As of today I am an instructor for technical diving! Yeah!

What is technical diving? It’s diving more challenging than the usual “recreational diving”. Tec divers need more training, more equipment and more planning to do their dives. We usually go deeper, and we include planned & mandatory decompression stops in our dives. Any serious penetration of a wreck or cave is also a tech dive. I am now certified to teach the PADI tec 40, tec 45 and tec 50 courses, which will enable the students to do tec dives to 40, 45 and 50 meters. Of course I’ll teach out of my new diving home, the Submariner Diving Center in El Nido, Palawan.

A big salamat (thank you) to Abraham Borg, Matt Reed and Lee Butler who put me on the path to tec diving, and instructing tec diving!

tech

The difference between recreational and tec diving is comparable to the difference between a nice hike through an alpine valley (which can be undertaken any day with nice weather by anyone moderately fit) and a mountaineering expedition into the Himalayas (which needs much more planning, skills & gear). While recreational divers usually bring one tank, tec divers carry up to 5 of them. The tanks usually contain different breathing gases: for the ascent, we use mixes with higher oxygen content than air, to speed up decompression. A lot of the gear in tec diving is also redundant, so, for instance, if a mask strap rips we have a second mask to be able to continue the dive.

Me

So, why tech dive at all? Why go to 50 meters? The mountaineering legend George Mallory replied to the question “Why did you want to climb Mount Everest?” with the answer “Because it’s there”. I agree with the notion! There are reefs deeper than the recreational diving limit of 40 meters, and I want to dive them. There are also animals only seen at deeper depths; and many ship wrecks inconveniently sank at spots deeper than 40 meters.

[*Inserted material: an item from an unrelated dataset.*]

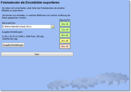 Beim Exportieren zu Einzelbildern wird jede Seite des Fotokalenders als Bild abgespeichert. Dazu müssen Sie das Zielverzeichnis der Bilder angeben. Weiterhin können Sie die Art und Qualität der zu erstellenden Bilder sehr genau unter den "Ausgabe-Einstellungen" konfigurieren.

Tec diving is a good challenge. There is a lot of satisfaction in completing a tec dive the right way, as planned. Properly done, it’s a safe sport. Not as safe as gaming & eating pizza on your couch, but much, much, much safer than diving to 50 meters with a single tank and no real planning (as some old timers still foolishly do)! In the long run, it’s actually safer than gaming & eating pizza on your couch, because you might one day die realizing that all you did with your life was gaming & eating pizza on your couch, and you missed the opportunity to dive & tec dive!

When at deeper depths, I am overcome by a sense of calm euphoria. I see reefs which are unaffected by coral bleaching and un-trampled by divers with sucky buoyancy. I see fishes which are restricted to deeper depths, especially gobies and anthiases (the latter seem to be especially species-rich at depth). I feel privileged to see these parts of Planet Earth. The exaltation is real, I think … and also partially caused by nitrogen narcosis, an effect of high ambient pressure on the human nervous system!

It’s important to understand this narcosis and all the other changes to your body when tec diving. My background in zoology/physiology comes in handy when teaching about these changes. To me, the physiological changes when breathing air at high pressures are both necessary to understand when diving deep, and fascinating to ponder for the sake of the knowledge itself.

Summary: tec diving is awesome. I’m serious! Do it!